However, I have come to realize that it is very selfish to always try to change the topic to one of personal interest, without engaging with the community on the other topics it cares about. It's like that self-centered person who loves talking about themselves and has no interest in discussing other things. The kind of person I**J-personalities silently resent in real life.

While genuine curiosity can be a redeeming quality, I still think it is reasonable to expect those who repeatedly request advice and information to be a part of the community. Even if unable to be helpful or insightful (due to differences in age, experience, education, etc.), one is always able to offer encouragement. And that is something that I think is somewhat lacking here.
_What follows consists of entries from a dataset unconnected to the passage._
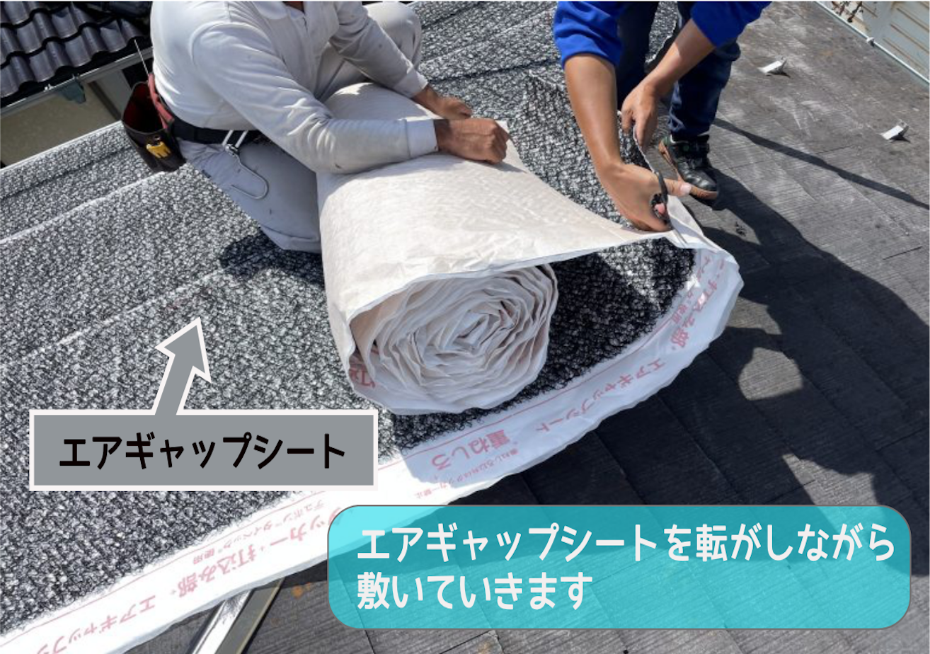 また、屋根の長寿命化させるため今回はエアギャップシートという
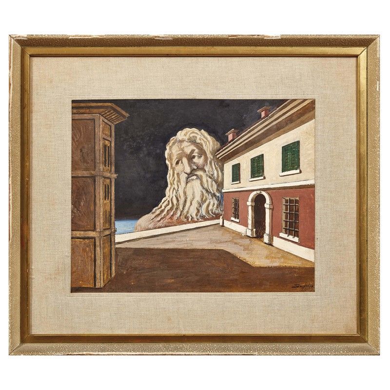 L’opera Nettuno, realizzata nel 1939 e esposta alla Galleria del Milione nel 1940 durante una sua personale, è un esempio emblematico di come Savinio abbia saputo tradurre la sua erudizione classica in un linguaggio artistico contemporaneo. In questa composizione, l'artista ha ritratto il dio del mare, Nettuno, emergere dal profondo sfondo blu che contrasta con le case in primo piano. La scelta del dio del mare non è casuale: richiama la sua infanzia trascorsa nelle terre elleniche e il costante richiamo del mare nella mitologia greca.
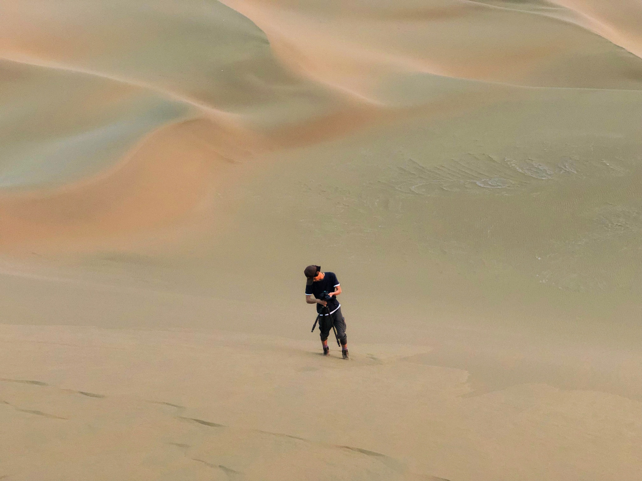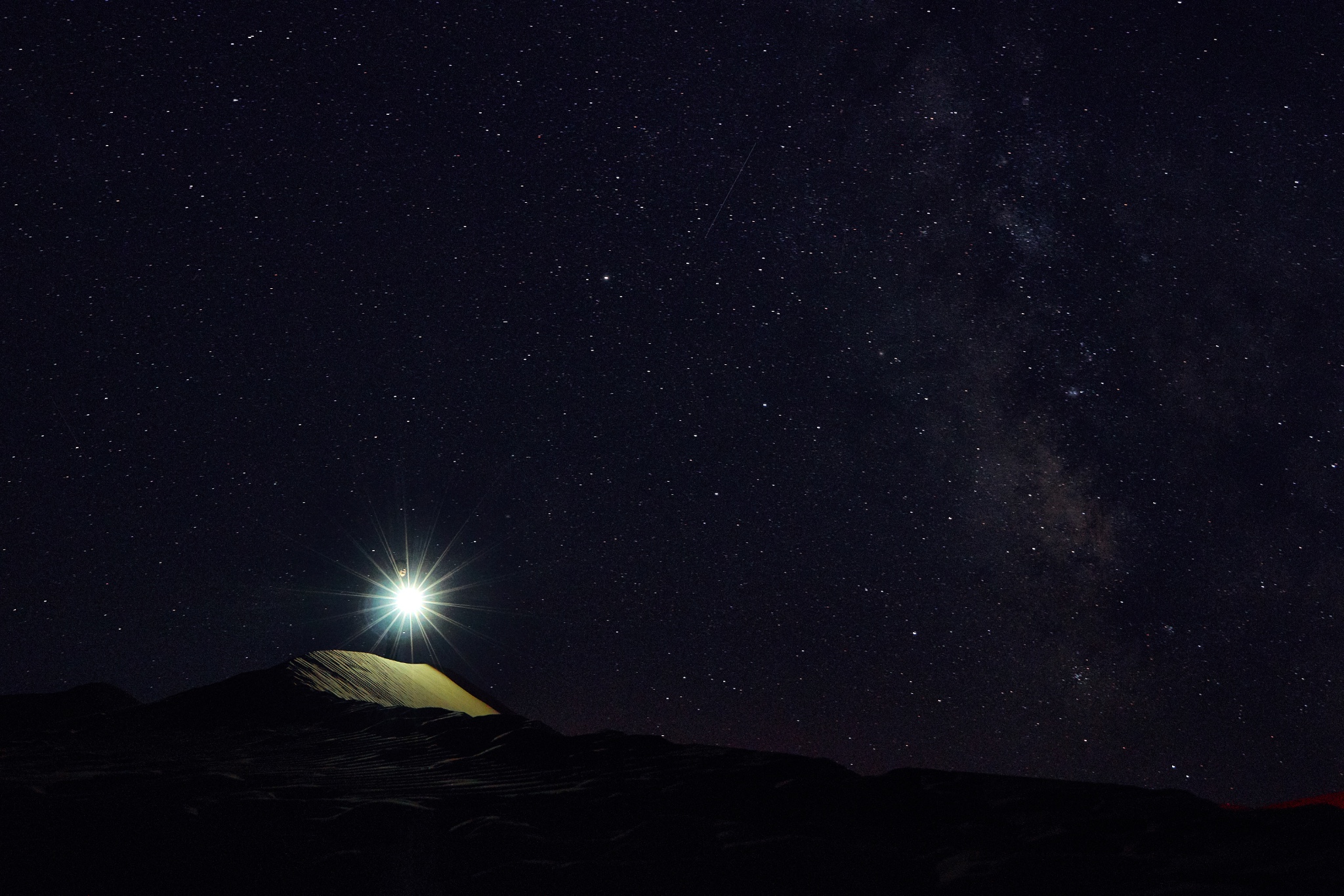 行程: 乌鲁木齐 市——京新高速—— 库姆 塔格沙漠 218km 3.5km 概述: 一觉醒来已是上午11点多,瞅一眼青旅微信群,果然有约伴的消息,最终被这条吸引了:“今天有人去沙漠看星星吗?” 沙漠、星空,想想就美。和发信息的小伙伴确定好之后,起床洗漱收拾衣服,一气呵成,楼下大厅面基。 一行四人,除了我之外分别是: Hins华哥——摄影师兼此次行程的“司机大哥”,发起此次行程的目的就是希望去沙漠里面拍星空; 小象—— 北京 姑娘,性格爽快,因工作常年游走于亚欧国家,尤其是 日本 ; 嗯哼妹子——96年姑娘,从大学时就自己游荡于国内各地和 东南亚 各国,酷爱拍照却从不发朋友圈。 下午1点左右出发,目的地是距离乌市280公里开外的 库姆 塔格沙漠,“ 库姆 塔格”在维语里面是“沙子山”的意思。该沙漠位于 鄯善 县,属于 塔克拉玛干沙漠 的一部分,是世界上少有的与城市零距离接触的沙漠。 大约4小时过后,到达沙漠入口,因为需要自驾入内,4人一车,共420元。 自驾会有不同的视角和经历, 比如 开进去10分钟左右,车子就陷进了沙地。减重、刨沙、垫砖……并没有什么效果。忽然,“天使”的声音出现了:“你们好!需要帮忙吗?”一辆白色 普拉 多上跳下一男一女,年龄不大,讲话却不疾不徐,成熟稳重。男孩子和Hins捣鼓着拖车,手法熟练,我们已经是他们今天帮忙拖的第二台车了。女孩子拿着相机在一旁拍摄。经聊天得知,他们是一对情侣,00后,想要做自媒体,此次出来自驾也算是搜集素材。除了为自己已成为名副其实的“老年人”叹息之外,更由衷地感慨到,现在这个时代下年轻人思维的活跃以及足够支撑把这种活跃思维付诸实现的物质基础。 车子拖上来,开到停车场已经是傍晚8点,距离日落还有1个半小时,祖国领土之广在这里也体现一二。 乌鲁木齐 和 北京 相差两个时区,作息因此也普遍偏晚。 要到沙丘上面去看日落。低血糖患者连喘带爬总算没拖后腿,到了最大的沙丘上养养神,等着夕阳和霞光。差不多9点开始,西边的天空开始泛黄,太阳也逐渐收敛起它的锋芒,并渐渐变红,慢慢地把那一片天空都映得富有层次感。在晚霞的助阵下,太阳开始进行它每日一度的“落山”仪式,这个过程不会很久,因为感觉照片还没有拍够,它便已经缓缓落入了地平线。而此时的晚霞变得更加汹涌起来,它们是今天最后的主角。不久,天便真正地黑了下来。 疯狂地拍照过后,四个人也消停下来,躺在迅速变凉的沙丘上,望着天空,发呆、闲聊、等着星空铺满天。这种时间静止的感觉熟悉却遥远,古 罗马 桥边的小提琴声依稀传来,与 马德里 王宫前面的大提琴演奏声交相呼应;在多瑙河的晚霞中与自己的学生时代告别;徳钦的星空银河竟已经是三年前的故事…… 半夜一点,缓过神来的四个人决定找个住的地方。沙漠腹地中有片营地,租了两顶帐篷,吃了点东西,我们三人跟着Hins小哥哥爬到一片无光源的地方,正式开始星空拍摄。 有趣且有成效的拍摄结束后,回到帐篷睡觉时已经是5点多。不知道在黑暗中沉睡了多久,被身下的沙子烫醒了,看看时间,8点半。四个人睡眼惺忪地收拾下,邋里邋遢地开始返程,兴奋与美景已留在昨天。 沙漠一夜为这次毫无计划的 新疆 之行做了充分的预热,更多的惊喜和转折即将上演。 进入沙漠的第一个惊喜,就是车子陷进了沙地。。。

The ERE forums can be an intimidating place to post. I venture that outsiders are deterred by the quality of the discussion, composition of the audience (above-average education and life experience), and tendency to argue/debate issues. To me at least, the ERE forum gives off a "no noobs" vibe that pushes me to double-check facts and think twice before posting. I wonder if others with judging-preference also sense this? Or you all must be supremely confident in everything you do. 8-) Since we might all not have jacob's rock-solid internal compass that allows him to take personal satisfaction whenever he writes an eloquent, unresponded-to last word on a topic, it can be a good thing to leave some positive feedback when someone writes something helpful/insightful/interesting. Without that feedback, the poster sees the views accumulate in silence and second-guesses their decision to post, perhaps thinking that they must be a loser or a moron in the eyes of the forum. For this reason, I recommend that more encouragement be directed to newbies and non-regulars particularly, when they post well.
jennypenny wrote:
Wed Oct 25, 2017 7:00 pm
For instance, you (Fish) had that thread on time and time management a while back. I really wanted to post because I couldn't understand why you were looking at time in such a strict fashion -- time was set aside to do X or Y or Z. You also talked about your time in a way that implies it will be fundamentally different after you've raised your kids. Suomalainen has said the same thing. That got me curious so I searched the forums and found the same problem mentioned by other people in their journals ... all of whom turned out to be men. It made me wonder if women approach personal time management differently, and therefore I decided not to post.
This is exactly why you should post more often. :) I was starting to second-guess my decision to start this thread (see part above about feeling the judgment of the forum), but your post made it completely worthwhile. That's a really good insight and pattern recognition. In the past I would frequently complain to my wife about "lack of personal time," and it always drove her nuts. Your hypothesis that men and women approach time management differently gives me a new approach for understanding why this might be the case. I'll have to come back to it in another thread, to avoid getting too far off-topic.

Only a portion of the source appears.